The point is, you don't have to agree with someone's logic for it to be valid logic.
Many criminals are stupid, but there are a few smart ones out there that logically came to the decision of a life of crime. That doesn't make them maniacs.
Same for the "omnicide" part. It truly believes that what it is doing saves organics. It isn't doing it for a visceral thrill.
So if I start a murder rampage in my neigborhood to save them all from being killed by say a tornado or earthquake, that would be cool as long as my intentions are noble and I get no pleasure at all from it? It doesn't matter what the Starkid believes, the fact remains that the Reapers are responsible for killing trillions of people. Not cool under any circumstance.
Please, dear, there are enough strawmen going on already. Eternal never said that the Reapers were
justified in their actions, or in any morally-correct position, or that their answer was for the best.

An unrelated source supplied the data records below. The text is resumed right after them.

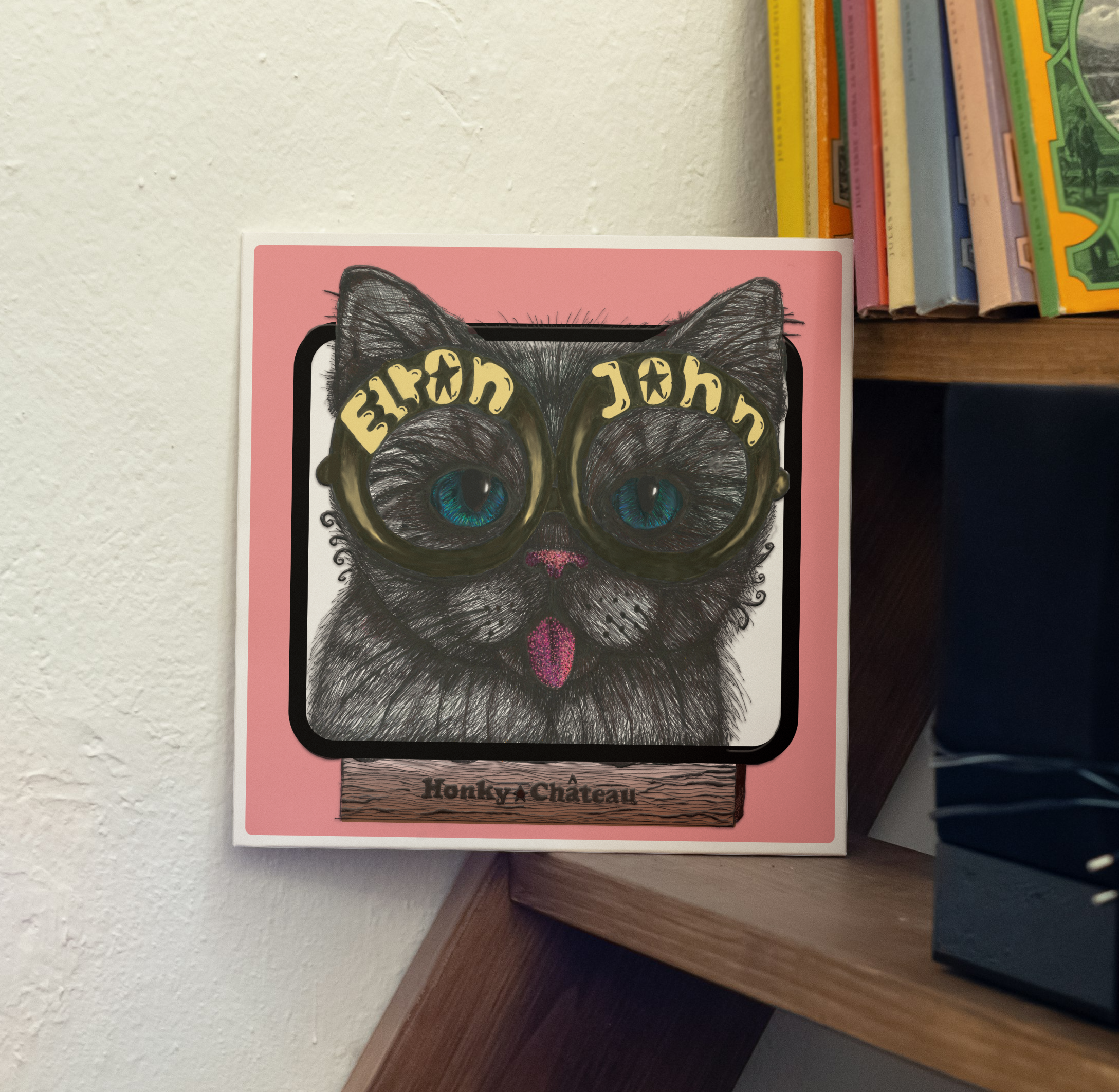 My idea is to depict a cat wearing Elton John’s glasses for the album cover, as a song called “Honky Cat” is found on this album.
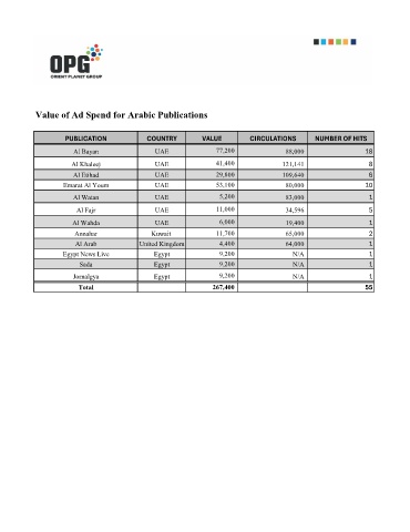 Value of Ad Spend for Arabic Publications
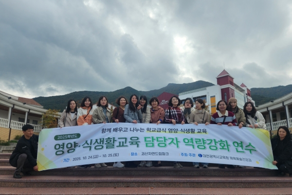 [충청25시] 대전시교육청은 10월 24일부터 25일까지 학교급식의 질 향상과 영양·식생활교육 활성화를 위해‘2025학년도 영양·식생활교육 운영학교 담당자 역량강화 연수’를 실시했다고 밝혔다.

To make your own example, your logic would be correct in a very specific sense: if you kill people yourself, they would not be killed by the natural disaster. The logic is sound on the specific issue, because the problem (death by natural disaster) is prevented.
The broader implication is what is flawed, but that's not an issue of logic: that's an issue of definition. Though your issue to be prevented is 'death by natural disaster' (I realize I summarized it for you, but just run with it), your actual concern is 'death'. Death by any other cause is just as dead as death by natural disaster.
In this heirarchy of thought 'preventing death' is a super-goal: 'preventing death by natural disaster' is the subgoal. The reason your strawman is absurd is because your solution to your sub-goal violates your super-goal.
The issue that can arrise, quite easily with programs but also with people, is when a sub-goal supplants a super-goal intent. A super-goal can be misinterpreted, implied but not stated, or simply poorly defined and thus allow for a fulfillment of a sub-goal that invalidates a larger intent. Priorities can also be subverted: the famous Asimov's Laws of Robotics can be negated by selective definition of 'Humanity', or information control within a robot's network or a network of robots.
Many people attack the Catalyst logic as faulty without understanding it. The Catalyst isn't being driven by a broad super-goal: it's priority is not to establish peace, prevent the development of AI, or even to prevent the destruction of civilizations from any source. The Catalyst is being driven by a narrow sub-goal: prevent the the total destruction of organics by a technological singularity.
Obviously from a super-goal standpoint, this has a number of flaws. But those flaws aren't logical in nature: they are flaws in executing intent. We consider our destruction by the Reapers to be just as bad if not worse than destruction by any unknown technological singularity. That is why the Reaper solution doesn't work for us. Not because the logic directing the Reapers is invalid: they certainly have stopped any hostile singularity from eclipsing organic life permanently. But because the sub-goal solution doesn't meet our super-goal.